To visualize the tracking of clusters and the cluster-trajectories from the simulated data, we developped an R Shiny app. The tracking of clusters is visualized using an alluvial plot, in which the blocks represent the clusters and the stream fields between the blocks represent the number of common patients. The cluster-trajectories are visualized using a flowchart composed of blocks representing the clusters. The arrow thickness between the blocks represents the number of common patients. All clusters displayed in the flowchart are characterized by the two most used drugs (name, percentage of patients receiving the drug), the sex ratio (SR) and the total number of patients (n). These clusters are named with the age at which it was identified and its label (age.label).

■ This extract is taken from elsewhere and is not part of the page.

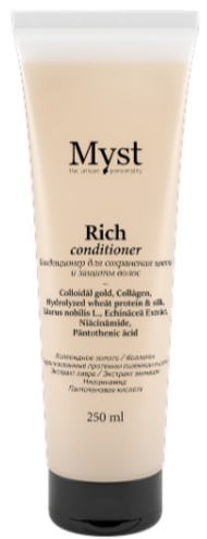 [~DETAIL_TEXT] => Кондиционер Rich помогает стабилизировать искусственный пигмент, плотно закрывает кутикулу и обеспечивает волосам гладкость, насыщенный цвет и здоровое сияние. Защищает окрашенные и натуральные волосы от выгорания и повреждений, вызванных ультрафиолетовым излучением, свободными радикалами и другими негативными воздействиями окружающей среды. Содержит мощный ухаживающий комплекс на основе растительных экстрактов, протеинов пшеницы и шелка, которые проникают в структуру волос и восстанавливают поврежденные участки, придавая волосам гладкость и блеск. Наночастицы золота выступают как катализатор для лучшего усвоения питательных веществ и защищают эпидермис и волосы от негативного влияния окружающей среды, а также предохраняют их от механических повреждений и термического воздействия.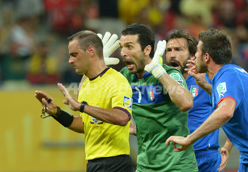 PKの判定に抗議するイタリアのジャンルイジ・ブッフォン(Gianluigi Buffon、2013年6月19日撮影)。(c)AFP/VINCENZO PINTO

This R shiny app allows to choose between the two clustering strategies and to display clusters greater than or equal to the selected limit size. The following code should be executed in R to launch the application.
if(!requireNamespace("shiny", quietly = TRUE)) install.packages("shiny")
library(shiny)
runGitHub("Cluster-tracking", "JudithLamb")
[1] Santo Fortunato. “Community detection in graphs”. In: Physics reports 486.3-5 (2010), pp. 75–174.